The American Medical Association (AMA) House of Delegates annual meeting in Chicago wrapped up on June 13. The House of Delegates is the policymaking body of the AMA and is comprised of more than 600 delegates from state medical associations and national medical specialty societies. Delegates bring resolutions to the meeting on topics important to their states or specialties and the House debates them to determine which ones should be voted as official policy of the AMA.

It was a productive meeting for the AAN delegation, which co-sponsored four resolutions and participated in active debate on several Academy priorities. "The Academy and neurologists' presence was noticeable in this meeting," said delegation Chair Shannon Kilgore. "From working with other societies to craft language and cosponsor resolutions, to networking with our fellow neurologists representing state societies, to welcoming incoming and current resident neurologists to our deliberations, the AAN was able to extend the reach of our positions. As a small delegation, this collaboration was important to accomplishing common neurology goals." Dr. Kilgore represented neurology to the entire House of Delegates as Chair and Moderator of the Reference Committee on Public Health, and neurologist Joshua Cohen, MD, spoke to all delegates as Chair of the AMA Foundation.

A big thanks to the AAN delegation: Chair Shannon Kilgore, MD, FAAN; Delegates Nicholas Johnson, MD, FAAN, and Mark Milstein, MD, FAAN; Alternate Delegates Skip Davison, MD, FAAN, and Eddie Patton, MD, MS; Young Physician Delegate Ann Murray, MD; and Resident and Fellow Delegate Jonathan Santoro, MD.

  • Close to fifteen resolutions addressed the high cost of prescription drugs. The AAN delegation cosponsored resolutions supporting reforms to the Orphan Drug Act, transparency for pharmacy benefit managers, and improving support for biosimilar development. The latter two resolutions were both adopted as AMA policy. The House voted for further study into potential changes to the Orphan Drug Act and that report will be shared at the 2018 interim meeting.
  • Medical marijuana and opioids were also widely discussed.

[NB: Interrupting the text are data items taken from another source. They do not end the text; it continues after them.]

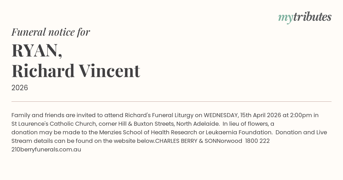 Funeral Liturgy on WEDNESDAY, 15th April 2026 at 2:00pm
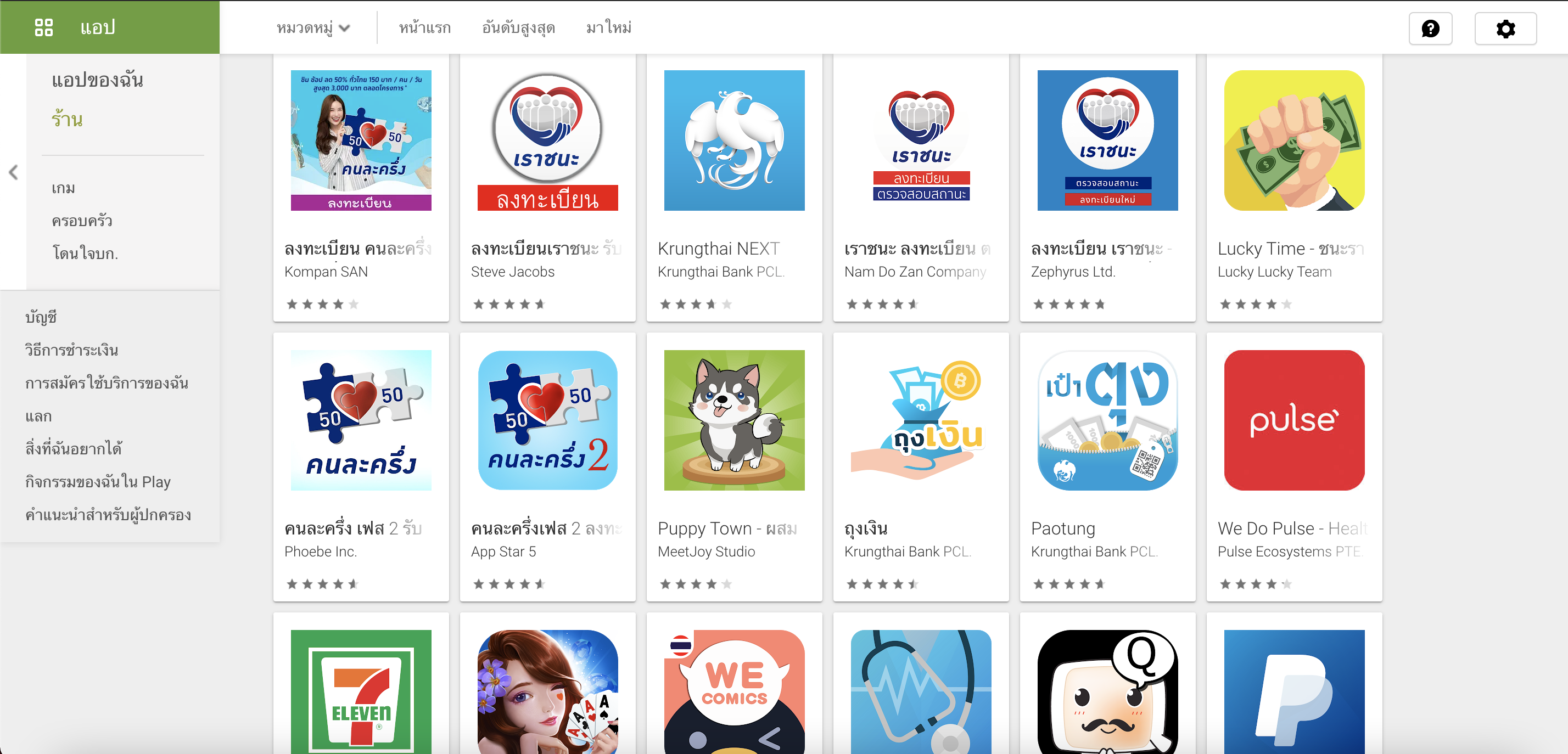 เมื่อเราเข้า Play Store แล้วพิมพ์ว่า เราชนะ จะเห็นว่ามีหลายแอปปรากฎขึ้นมาซึ่งแอปเหล่านี้ไ่ได้พัฒนาโดยหน่วยงานที่เกี่ยวข้อง ไม่ว่าจะเป็นธนาคารกรุงไทย กระทรวงการคลัง หรือ สศค.
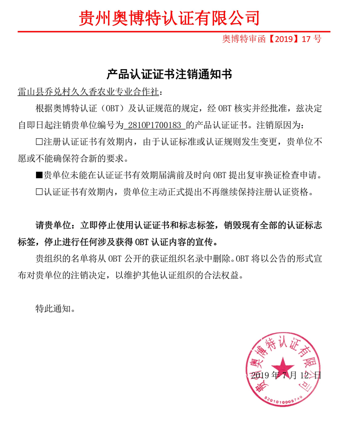 注銷雷山縣喬兌村久久香農(nóng)業(yè)專業(yè)合作社產(chǎn)品認證證書通知
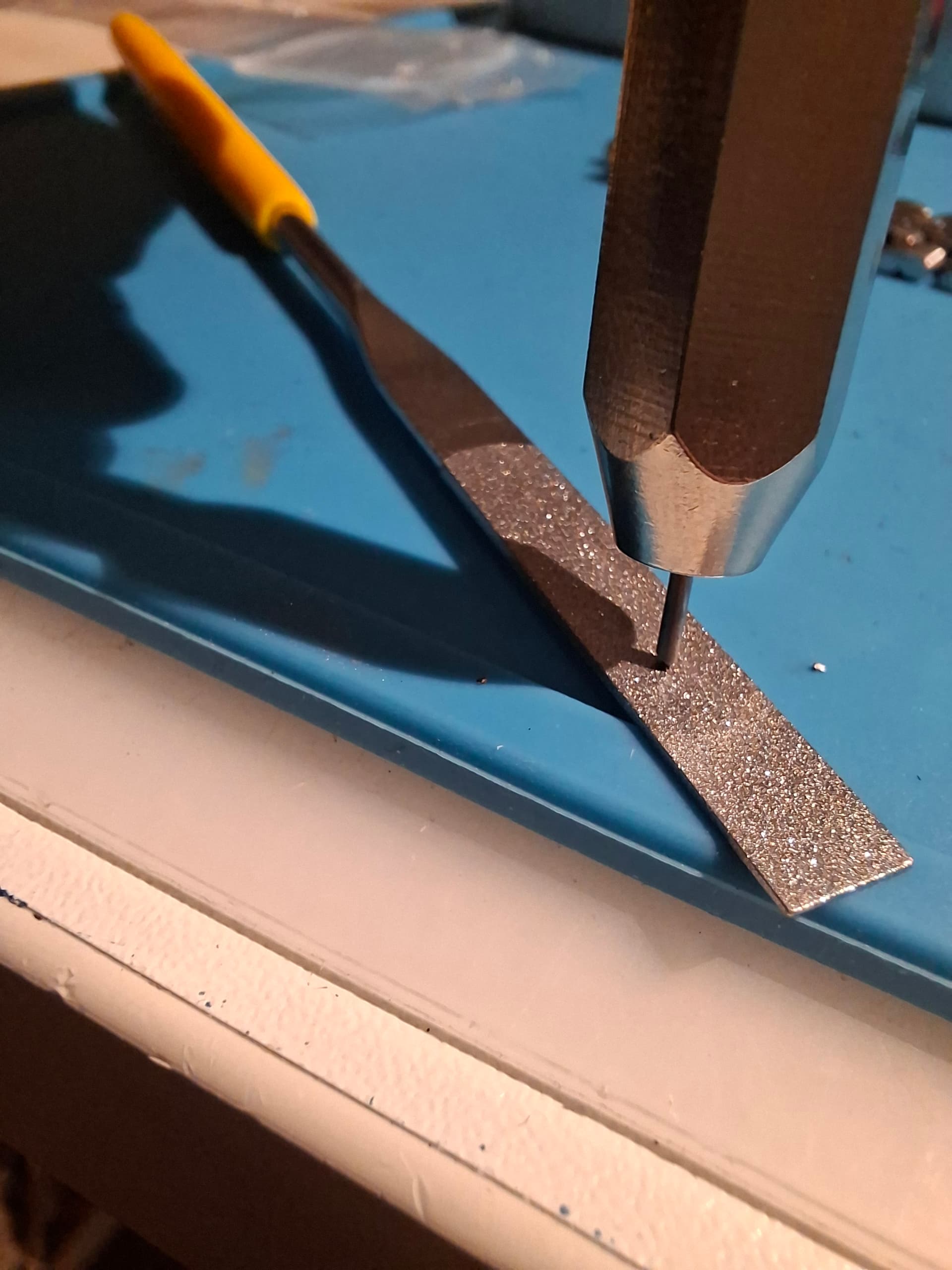 Nieuwe op maat maken en het kopje plat vijlen (zie je aan de zijkant van de band).
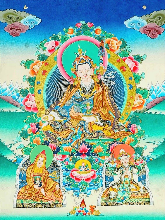 인도 우디야나 출신의 대 밀교행사 빠드마삼바바(=구루린포체). 아래 두 사람은 싼타락시타(왼쪽)와 티베트 왕 티쏭데첸이다. 8세기 불 법 승을 갖춘 최초의 티베트 불교 사원 쌈애사를 건립한 구루린뽀체는 티베트 민중에 널리 존숭되고 있다.

Delegates debated the importance of education for physicians and patients and the need for universal terms to describe the different types of medical cannabis products. The House also voted to remove barriers to opioid-use disorder treatment following an emotional speech from US Surgeon General Jerome Adams, MD, about the impact the opioid epidemic has had in his own family. Psychiatrist and AMA President-elect Patrice Harris, MD, chair of the AMA Opioid Task Force, will continue to elevate this issue and other neuroscience priorities over the next year. AAN member David B. Watson, MD, FAAN, represents the Academy on the AMA Opioid Task Force.
  • Delegates debated other hot topics throughout the meeting, including:
    • Immigration: The AMA adopted new policy that opposes the practice of separating migrating children from their caregivers in the absence of immediate physical or emotional threats to the child's well-being and urges the federal government to withdraw its policy of requiring separation of migrating children from their caregivers. The AAN supports this policy to protect the neurologic health and well-being of migrant children.
    • Gun violence: Delegates adopted comprehensive policy on gun violence that allows the AMA to support limits on access to firearms for persons with domestic violence records, recognize the role of firearms in suicides, advocate for schools to remain gun-free zones, oppose concealed carry reciprocity, and support bans on assault-type weapons, bump stocks, high-capacity magazines, and armor piercing bullets.
    • Physician-assisted death: An AMA report on aid-in-dying was referred for further study. During the debate, delegates from several states and specialties cited the AAN's work on this topic as particularly thoughtful and well-developed policy on this topic.